Member Since: Aug 2012
Location: Anonymous
Posts: 3,132
What I appreciate most about my therapy in its later stages (not saying I'm quitting just saying that this second round of it in middle age is distinct from when I was in my 30's) is that I've learned to be more accepting about what other people say to me.

I used to be very hard on people, especially when they screwed up. This is a better problem than being silently resentful and/or uncommunicative. Better for me, not necessarily better for those not me. I found my voice a long time ago but I used it to shut people down, including my current T when I first started. I was forever correcting him and "schooling" him (as he said until I told him to stop using that word) and he used to say I liked to be "precise" in my words (and his). But I used to beat up other people, especially those closest to me, when they "wronged" me in some way, insisting on repeated and specific types of apologies and probably some subtle coercion to state things just the way I wanted.

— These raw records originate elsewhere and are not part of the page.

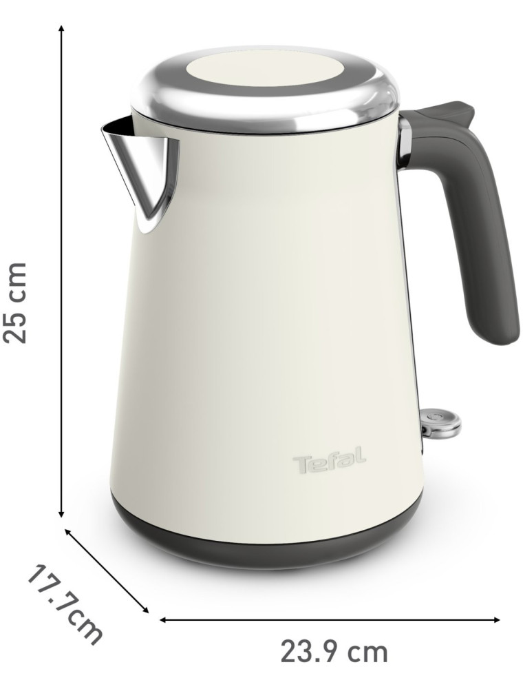Нагревательный элемент скрыт под плоским дном, облегчая регулярный уход и очистку внутренней емкости от накипи. Инженеры разместили шкалу уровня воды в зоне за рукояткой: такое решение сохраняет визуальную целостность металлических боковин, хотя и требует от пользователя определенного ракурса для контроля наполненности. Механизм крышки активируется нажатием кнопки, расположенной в верхней части ручки, что дает возможность открывать прибор одной рукой, не касаясь нагретых частей корпуса. При габаритах 25x17.7x23.9 см модель требует стандартного места на кухонной столешнице для размещения.
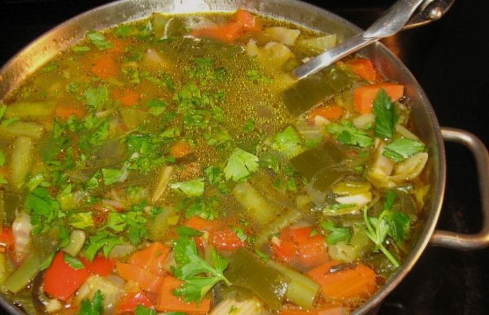 Pentru aceasta supa se folosesc legume diverse care dau un aspect deosebit din punct de vedere cromatic, dar si o aroma pe masura.
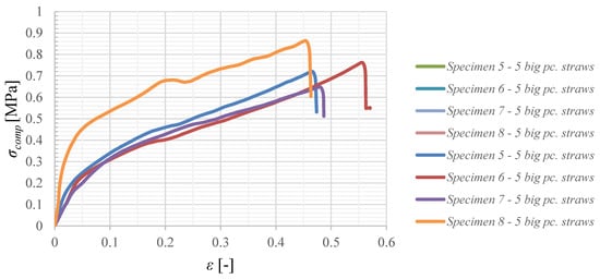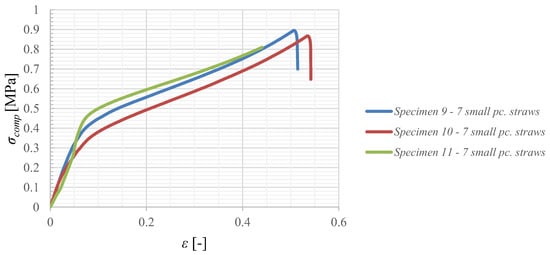 It is clear from Figure 9 that the compressive strength of the polystyrene specimens reinforced with straw is lower than the values of the unreinforced specimens.

I'm not sure how or why I changed but it was gradual. My son was growing up from a small child, and I'm glad now that I've learned to say my piece but also be able to hear what he's saying. Focusing on the message being communicated and being okay with that has been positive for relating to a teen-- which I don't think is terribly easy no matter what a sweet child or honest relationship you have. My relationships with people are easier, more open, more fun, and I can't remember when I've last had an interpersonal conflict with the exception of the power hungry and controlling person who thinks she has something to say about my soon-to-be-quit job.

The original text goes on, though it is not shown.